Robert Brueggeman, NDSU associate professor and agricultural research scientist, was appointed Wednesday to a newly-established professorship within the College of Agriculture, Food Systems and Natural Resources.
Brueggeman, who joined the Department of Plant Pathologyin 2010, is the first faculty member to be awarded the privately-funded Dr. Charles J. Mode Professorship of Genomics Research. Mode, a 1952 NDSU graduate and renowned mathematician and genetic scientist, established the professorship with the NDSU Foundation to provide outstanding faculty with permanent funding for agricultural research, teaching and service.
Professorships are awarded to faculty who have distinguished themselves through outstanding success in teaching and original research. Endowed professorships can be established at NDSU at a base level of $1 million. Earnings from endowed positions advance research, provide students valuable opportunities and enhance academic programs.

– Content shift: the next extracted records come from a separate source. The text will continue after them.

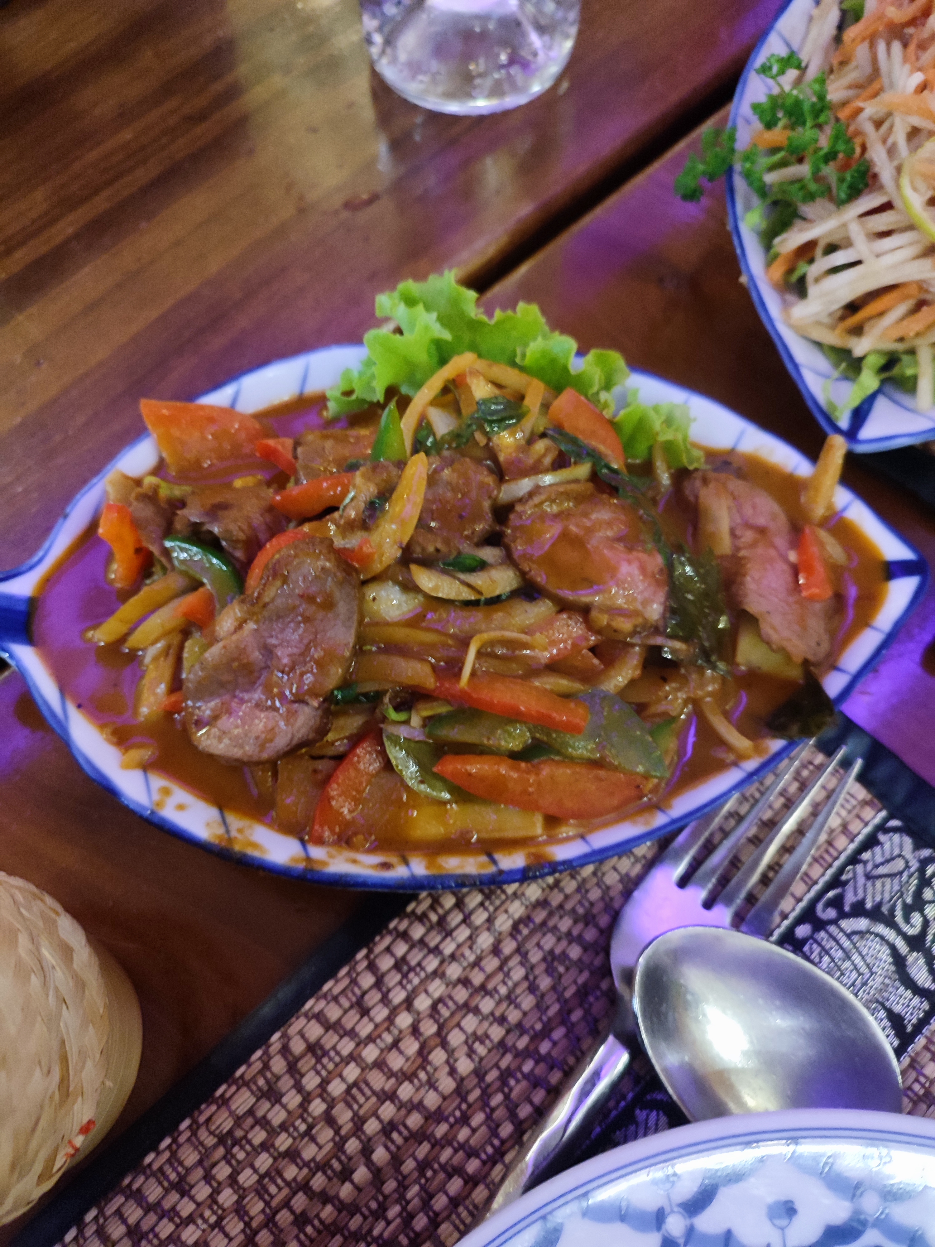 Le décor est très sympa, le personnel agréable et la nourriture excellente ! J’ai mangé une salade de bœuf mariné en entrée, du poulet au curry rouge en plat accompagné de riz gluant et un flan coco, je me suis régalée 👍🏻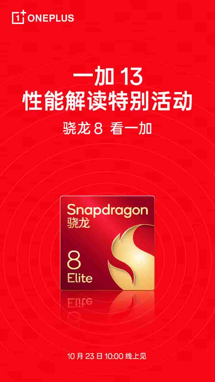 OnePlus 13 was earlier expected to be powered by Snapdragon 8 Elite SoC and now today after the official launch of this chipset, OnePlus has finally confirmed the previous rumors. OnePlus 13 will be powered by Snapdragon 8 Elite SoC. OnePlus 13 Performance Interpretation special event will be held tomorrow in China at 10:00.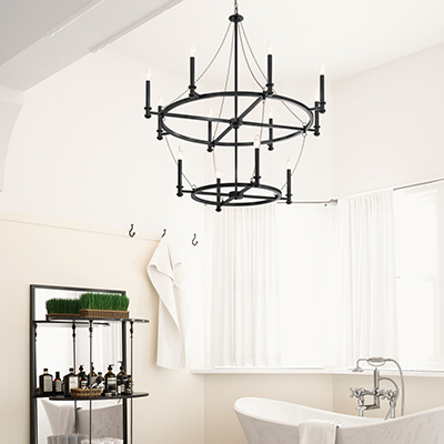 Boasting an elegant barrel shape and airy form, the Lancaster 12-light chandelier embodies the modern farmhouse aesthetic. Perfect for a living room, dining room or great room, this tiered chandelier draws from Tuscan and Spanish design elements and melds them with industrial detailing for distinctive character.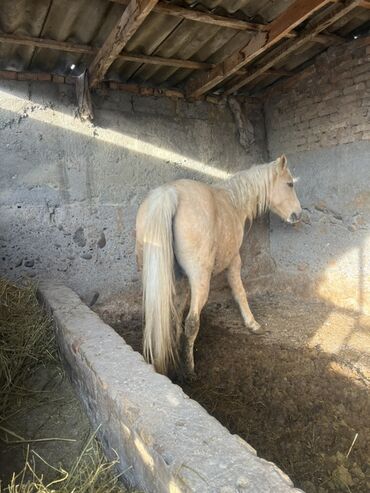 - Масть: паломино, равномерный золотистый окрас, светлая длинная грива и хвост

“Dr. Mode’s endowment will empower NDSU to help fill important knowledge gaps in agricultural research,” Brueggeman said. “His vision and support will have a lasting impact on genomics research at NDSU and beyond.”
Brueggeman teaches Host Parasite Genetics and directs research that involves both undergraduate and graduate students. Through applied research, he is pursuing genetic resistance to a range of diseases that threaten the production of cereal crops. In 2013, Brueggeman received the National Science Foundation’s most prestigious award in support of junior faculty.
NDSU President Dean L. Bresciani and Ken Grafton, dean of the College of Agriculture, Food Systems and Natural Resources, announced Brueggeman’s appointment to a large crowd of NDSU faculty and other university supporters, including Mode, who gathered in the atrium of Loftsgard Hall.
“Dr. Brueggeman is advancing promising, state-of-the-art research that has tremendous implications on the agriculture industry and the world food supply,” Bresciani said. “The Charles J. Mode Professorship and others like it help us solve complex problems, they greatly enhance our students’ educational experiences and help make our state, region and the world a better place.”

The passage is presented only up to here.